Your objective:
Go to the line holding "Limited Price CUPSHE" in the data below and repeat it exactly, then each line after it up to and including the one holding "2006_FORD_E-250 _ FOURGONNETTE". Omit pictures.

Dataset records:
%%
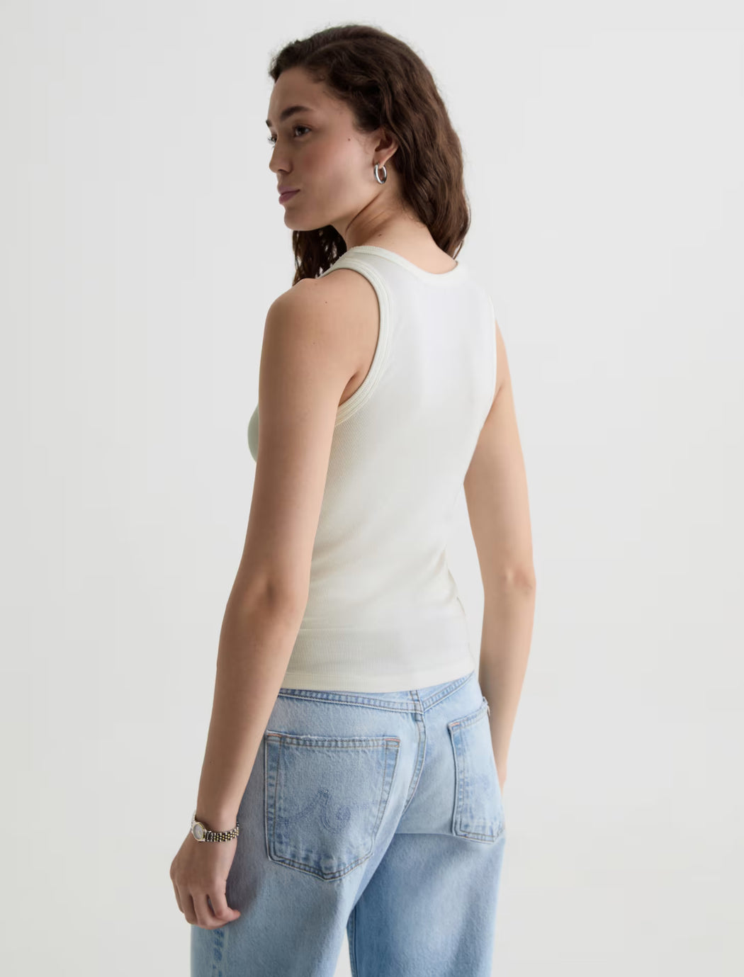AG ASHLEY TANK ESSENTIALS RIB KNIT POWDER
%%
%%
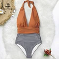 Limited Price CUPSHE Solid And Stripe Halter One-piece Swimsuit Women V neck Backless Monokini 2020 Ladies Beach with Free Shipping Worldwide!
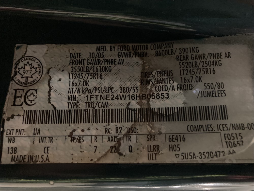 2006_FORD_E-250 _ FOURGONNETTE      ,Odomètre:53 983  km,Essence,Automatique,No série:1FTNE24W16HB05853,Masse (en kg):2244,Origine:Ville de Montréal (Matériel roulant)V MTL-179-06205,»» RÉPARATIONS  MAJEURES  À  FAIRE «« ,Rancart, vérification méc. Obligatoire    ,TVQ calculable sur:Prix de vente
%%
Response box:
 Limited Price CUPSHE Solid And Stripe Halter One-piece Swimsuit Women V neck Backless Monokini 2020 Ladies Beach with Free Shipping Worldwide!
 2006_FORD_E-250 _ FOURGONNETTE      ,Odomètre:53 983  km,Essence,Automatique,No série:1FTNE24W16HB05853,Masse (en kg):2244,Origine:Ville de Montréal (Matériel roulant)V MTL-179-06205,»» RÉPARATIONS  MAJEURES  À  FAIRE «« ,Rancart, vérification méc. Obligatoire    ,TVQ calculable sur:Prix de vente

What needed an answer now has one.